Tipsheet

The McConnell Plan

Par for the course, Jennifer Rubin does some of the best reporting anywhere on the McConnell plan for moving debt ceiling/deficit reduction talks forward in a direction favorable to the GOP.

I understand that pundits across the blogosphere are freaking out, but it strikes me that the brilliance of the McConnell plan is in placing responsibility for a debt ceiling crisis squarely on the shoulders of the President and congressional Democrats.  Don't submit a plan with appropriate spending cuts?

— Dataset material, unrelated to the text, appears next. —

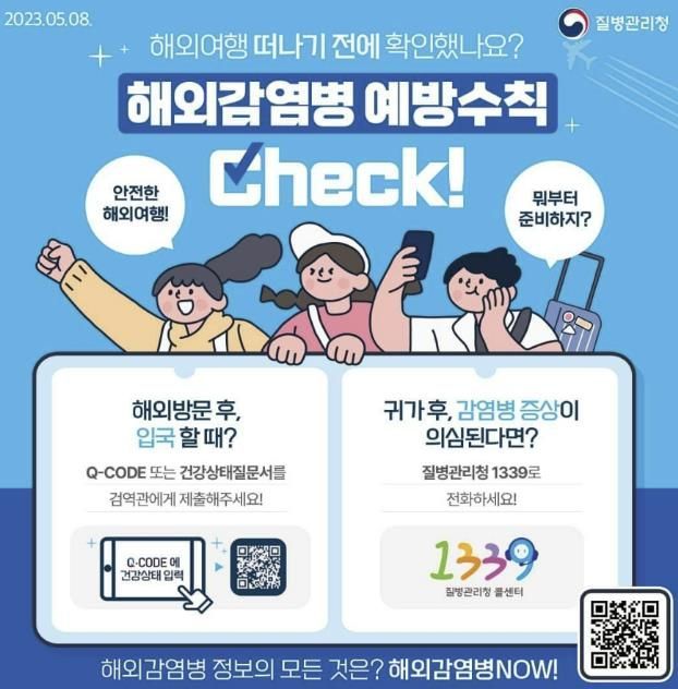 해외여행 전에는 질병관리청 ‘해외감염병 NOW’ 홈페이지에서 국가별 주의해야 할 감염병 정보와 예방 백신이 있는 감염병을 확인하고 예방약과 예방 물품을 챙겨야 한다. 또한, 필요한 예방접종이 있다면 최소 2주 전에 완료해야 한다.

Congress will disapprove it, but there will be enough Democratic votes that -- should Dems dare -- they can sustain an Obama veto.

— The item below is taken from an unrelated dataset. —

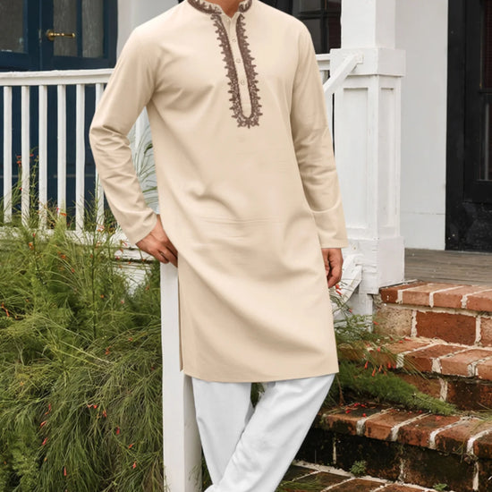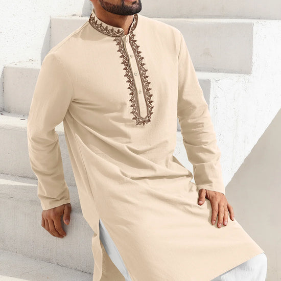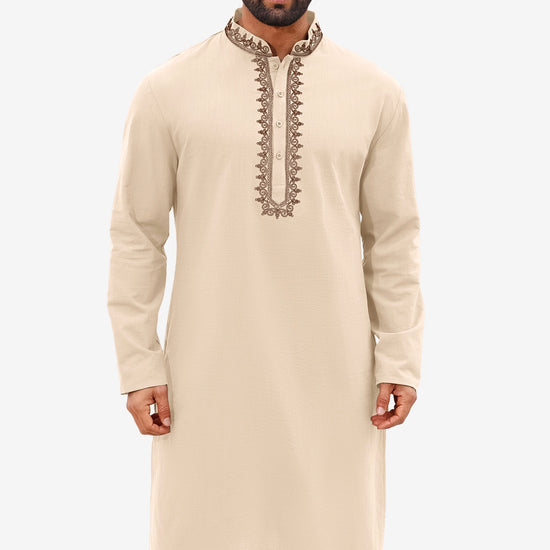 Runcati Apricot Embroidery Thobe Shirt

The genius of the McConnell approach is that it forces the President to make significant spending cuts and avoids tax increases, unless he (and a minority of Democrats) openly and publicly pursue an approach clearly antithetical to the wishes of the majority of Americans -- including in summer 2012.

Beats the heck out of a "grand bargain" including tax increases (giving Democrats cover to neutralize one of the GOP's most potent political issues), or hoping that the President -- ideologue that he is -- will cave in to GOP wishes (and thereby court a challenge from the left), or relying on the MSM to report fairly on the GOP's actions and role in the event of a default.

Update: The Wall Street Journal explains why the McConnell plan is the best card left that the GOP has to play.  I tend to agree with the Journal that anyone who thinks the President will submit to GOP demands is dreaming; instead, he will make sure that default carries with it the most painful consequences to the most important political constituencies, and he -- along with his allies in the press -- will work to pin blame for their pain on the Republicans.